By displaying feedback based on the estimated neutral position of the patient's chest, the ACD device described herein can update the feedback provided to the rescuer during CPR treatment to respond to changes in the patient's chest compliance. For example, the range of compressions and/or decompressions may be varied over time to respond to changes in the patient's chest compliance. The updated feedback may assist the rescuer in providing CPR compressions that are more effective than if a static target range of compression depths (e.g., downstroke displacements) were provided to the rescuer by the ACD device. Similarly, the updated feedback may assist the rescuer in providing CPR decompression that is more effective than if a static target range of decompression depth (e.g., upstroke displacement) is provided to the rescuer via the ACD device.

In addition, feedback may be provided by the ACD device in an intuitive manner to assist the rescuer in adjusting the compression and/or decompression force the rescuer is applying to the patient. For example, the feedback may show a prediction of the compression and/or decompression force that the user should apply in subsequent compression cycles. The rescuer may anticipate a change (e.g., increase or decrease) in the recommended compression and/or decompression force to be applied to the patient. The rescuer may then react to this change without a pause during the application of the compression cycle.

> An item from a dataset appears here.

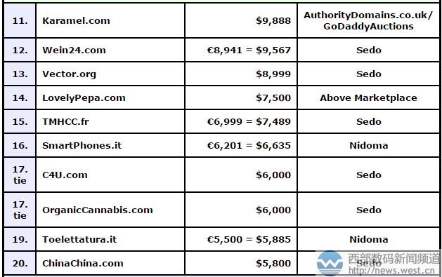 DN榜:两数字域名20.com千万元夺冠!两杂域名J5.COM卖出六位数!三五互联(35.com)4月20日消息,本期的DN交易榜(4.10-4.16)上,短字符域名表现不错,排名前三的均是两字符域名。其中,数字域名20.com以1,750,000美元的成交价夺得第一,约合人民币1205万元。 域名20.com注册于1995年11月,距今已经22年历史。作为整十2数字,全球仅有10个,资源稀缺,域名品相自然不必多说。同时数字域名全球通用,建站限制小,尤其适合搭建金融、游戏、菠菜等类型终端平台。据了解,这个域名由海外知名创业者和天使投资人Jason Calacanis在2006年以7.5万美元买入,今年则以175万美元的价格售出,这也是今年目前为止DN交易榜排名第二的域名,仅此于01.com。 紧随其后的是两杂域名j5.COM,由Sharjil Saleem中介售出,成交价为115,000美元,约合人民币79万元。域名j5.COM注册于1997年6月,距今刚好20年,记忆输写优势相当突出,而且含义上,j5可代表“街舞、接物、景物、家务、吉屋、酒屋”等词语,适合搭建舞蹈、电商、旅游、房产等网站平台。 同样经由Sharjil Saleem中介的还有16.net,成交价为60,000美元,约合人民币41万元,这也是本期DN交易榜的第三名。据了解,此前,Sharjil Saleem还中介了“帝吧”d8.com、“物流”w6.com、,甚至连不久前近280万元易主的“资产”域名asset.com(近280万元),也是他中介的,还有0123.com、7200.com、Shelly.com等域名…… 随后是两个意大利域名sos.it和launch.it,前者代表“呼救信号”,后者则有“发动、发射、开始”等中文含义,其结拍价分别是22363美元、17122美元。此外,“智能手机”SmartPhones.it、“美容”Toelettatura.it也结拍了。 除此以外,“色彩街”域名colorstreet被化妆品终端以16,000美元收购,目前正在启用建站;杂米域名Porn4K.com因与成人网站沾边,也拍出了不错的价格。 本文转载自新闻资讯,原文链接:DN榜:两数字域名20.com千万元夺冠!两杂域名J5.COM卖出六位数!

Alternatively or additionally, the ACD device may provide feedback including a history of compression and decompression forces applied to the patient. The history may include trends in compressions and decompressions (e.g., applying increasing or decreasing forces over a sequence of compression cycles).

The ACD device may be configured to provide feedback to the rescuer in the form of an interactive application. The application may include a trajectory that is a plot of pressure, depth, etc. versus time. For example, the trace may comprise a sine wave showing the depth vs time of a compression cycle continuing on the screen at a frequency corresponding to the recommended compression cycle time. The rescuer may change his or her pressing motion into a sine wave to follow the sine wave. Deviation from the trajectory may cause the ACD device to alert the user to change therapy (e.g., an alert tone, warning, verbal instructions, etc.). The interactive feedback may assist the rescuer in knowing how treatment should be performed during treatment, thereby improving the accuracy of the applied treatment relative to the recommended treatment and reducing rescuer errors, delays, or pauses during CPR treatment.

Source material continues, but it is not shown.